Gabriels Pleite mit dem Biosprit

Aus für Beimischungsziel

Gabriels Biosprit-Pläne stehen vor dem Aus – darüber freuen sich Fahrer älterer Autos. Aber zugleich wächst die Kritik am Umweltminister wie am alternativen Kraftstoff an sich. Viel wichtiger sei, den Verbrauch der Fahrzeuge zu senken.

Bundesumweltminister Sigmar Gabriel (SPD) ist nach seiner Ankündigung, gegebenenfalls die angestrebte Beimisch-Quote von Biosprit ins Benzin von zehn Prozent zu kippen, in die Kritik geraten. Die Erhöhung der Biosprit-Beimischung sei eine «klimapolitische Luftnummer» Gabriels, sagte Bayerns Umweltminister Otmar Bernhard (CSU) der «Passauer Neuen Presse». «Biomasse gehört weniger in den Tank, sondern mehr ins Heizkraftwerk.»

Viel wichtiger als die Biosprit-Beimischung seien Kraftstoffeinsparung und Verminderung des Durchschnittsverbrauchs der Fahrzeuge, sagte Bernhard. «Biomasse sollte in erster Linie Lebensmittel sein oder zur Strom- und Wärme-Erzeugung genutzt werden.»

Ähnlich äußerte sich der Sachverständigenrat für Umweltfragen. Sein Generalsekretär Christian Hey sagte der «Neuen Osnabrücker Zeitung», der eigentliche Ansatz müsse sein, «viel leichtere, weniger PS-starke und effizientere Autos» auf den Markt zu bringen. Dies könne viel mehr zum Klimaschutz und zur Versorgungssicherheit beitragen als der Einsatz von Biosprit.

Warten auf Zahlen

Die Grünen-Fraktionsvorsitzende Renate Künast sagte der «Leipziger Volkszeitung», Gabriel sei «an seinem jetzigen Schlamassel selbst Schuld». Aufgabe der Politik sei es, der Wirtschaft einen «ökologischen und sozialen Rahmen zu setzen». Die Zeit freiwilliger Vereinbarungen, die von den Konzernen nie eingehalten würden, sei vorbei.

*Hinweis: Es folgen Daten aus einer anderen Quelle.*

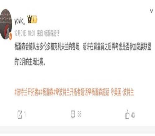 大家都知道,最近杨瀚森跟随开拓者征战NBA常规赛,在他们主场结束对战雷霆的那场比赛中,小杨最终还是只获得了不到5分钟的上场时间,一分都没有拿到,到现在为止已经连续三场比赛没有得分进账。
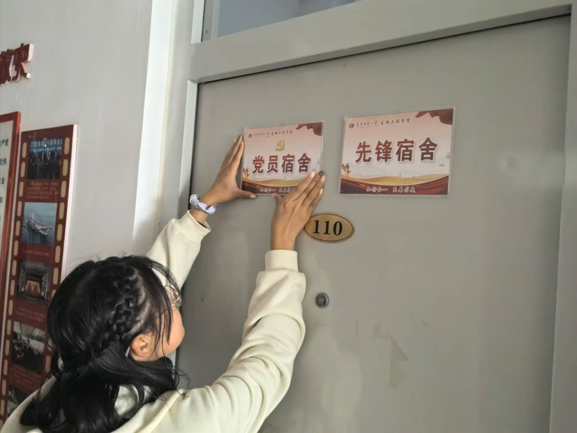 本次活动旨在增强学生党员的责任意识、服务意识和表率意识,以实际行动为身边的同学办实事、办好事、解难事。生工第一学生社区制药工程本科生党支部党员高明英表示:“‘党员宿舍’不仅是一份荣誉,更是一种激励与督促。”党员宿舍牌、先锋宿舍牌将提醒学生党员时刻牢记身份,以实际行动发挥先锋模范作用,带动身边同学养成良好的行为规范,共同创建文明和谐的宿舍环境、社区环境。

Fakt ist: Deutschlands Autoindustrie muss die strengen EU-Klimaschutzvorgaben mit einer Schadstoff-Obergrenze von 120 Gramm pro Kilometer erfüllen. Bislang hoffte sie, damit unter Anrechnung des Biosprits zu erreichen. Der Bund für Umwelt und Naturschutz Deutschland (BUND) forderte die Regierung auf, bei den Verbrauchsvorgaben aus Brüssel die Einberechnung von Agrar-Kraftstoffen auszuschließen. Dies sei ein Schlupfloch der Autoindustrie, um ihr Versagen bei der Verbrauchsminderung ihrer Modellflotten zu kaschieren.

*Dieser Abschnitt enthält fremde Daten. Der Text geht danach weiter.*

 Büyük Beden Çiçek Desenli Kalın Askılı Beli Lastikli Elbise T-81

Noch wartet Gabriel offizielle Zahlen ab - doch auch schon die Daten, die der ADAC verbreitet, sprechen eine klare Sprache: Der Automobilclub kommt auf mindestens 3,1 Millionen Autos in Deutschland, die die geplante höhere Biosprit-Beimischung ins Benzin nicht vertragen. Deren Fahrer müssten also auf teuren Super-Plus-Kraftstoff umsteigen. Gabriel hatte aber angekündigt, dass er seine Beimischungsziele kippen werde, wenn die Zahl eine Million Fahrzeuge übersteigt. Eine andere Entscheidung dürfe es auch gar nicht geben, sagte ADAC-Präsident Peter Meyer der in Hannover erscheinenden «Neuen Presse».

Rückkehr zur Steuerbefreiung gefordert

Die Beimisch-Quote von zehn Prozent ist damit wohl vom Tisch - was in der Regierung aber noch umstritten ist. Die FDP-Umweltpolitikerin Christel Happach-Kasan forderte Kanzlerin Angela Merkel (CDU) auf, Finanzminister Peer Steinbrück (SPD) zur Ordnung zu rufen. «Er hält halsstarrig an der Beimischungsquote fest, obwohl sich die Bundesregierung dadurch zum 'Totengräber' der deutschen Biokraftstoffbranche macht, die Regenwaldzerstörung forciert und Schäden bei drei Millionen Automobilen zu verantworten hat», sagte die Abgeordnete der Netzeitung.

Happach-Kasan stimmte Gabriels Ankündigung, die Beimischungsziele notfalls fallen zu lassen, ausdrücklich zu. Sie sei «zwingend notwendig», aber nur ein erster Schritt: Die Regierung müsse die «unsinnige Zwangsbeimischung» abschaffen und Rein-Biokraftstoffe wieder von der Steuer befreien, forderte die FDP-Expertin.